Chronic hypoxia decreased eNOS protein expression in the right ventricle and increased arginase protein expression in both genotypes. A: representative Western blots for eNOS, nNOS, arginase II, and β-actin for right ventricular tissue from WT and Mkp-1^−/− mice after 4 wk in normoxia or hypoxia. B: the mean densities for eNOS protein normalized to β-actin protein in the right ventricle of WT (open bars) and Mkp-1^−/− (cross-hatched bars) mice. After chronic hypoxia, the levels of eNOS protein in the lung were lower than in respective control-exposed animals for both genotypes. C: the mean densities for nNOS protein normalized to β-actin protein in the right ventricle of WT (open bars) and Mkp-1^−/− (cross-hatched bars) mice. We were unable to detect iNOS in the right ventricle from any of the groups of mice studied. D: the mean densities for arginase I protein normalized to β-actin protein in the right ventricle of WT (open bars) and Mkp-1^−/− (cross-hatched bars) mice. After 4 wk of chronic hypoxic exposure, the protein levels of arginase were increased in both genotypes. E: the mean densities for arginase II protein normalized to β-actin protein in the right ventricle of WT (open bars) and Mkp-1^−/− (cross-hatched bars) mice.
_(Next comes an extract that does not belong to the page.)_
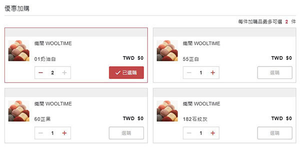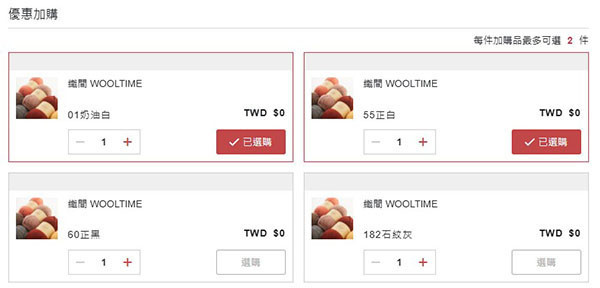2. 0元加購:選兩捆織間wooltime

After 4 wk of chronic hypoxia, the arginase II protein levels were greater in both genotypes than in their respective normoxic controls; n = 5–6 in each group. *P < 0.05, hypoxia different from normoxia same genotype.

Fig. 11.

Deficiency in MKP-1 decreased NO production in the right ventricle, whereas chronic hypoxia decreased NO production only in WT mice. Accumulation of NOx in the right ventricles from WT (open bars) and Mkp-1^−/− (cross-hatched bars) mice under normoxia or hypoxia was measured using a chemiluminescence NO analyzer and normalized to right ventricular protein concentration (nmol/mg protein); n = 5–6 in each group. P < 0.05, Mkp-1^−/− different from WT same condition (#) and hypoxia different from normoxia same genotype (*).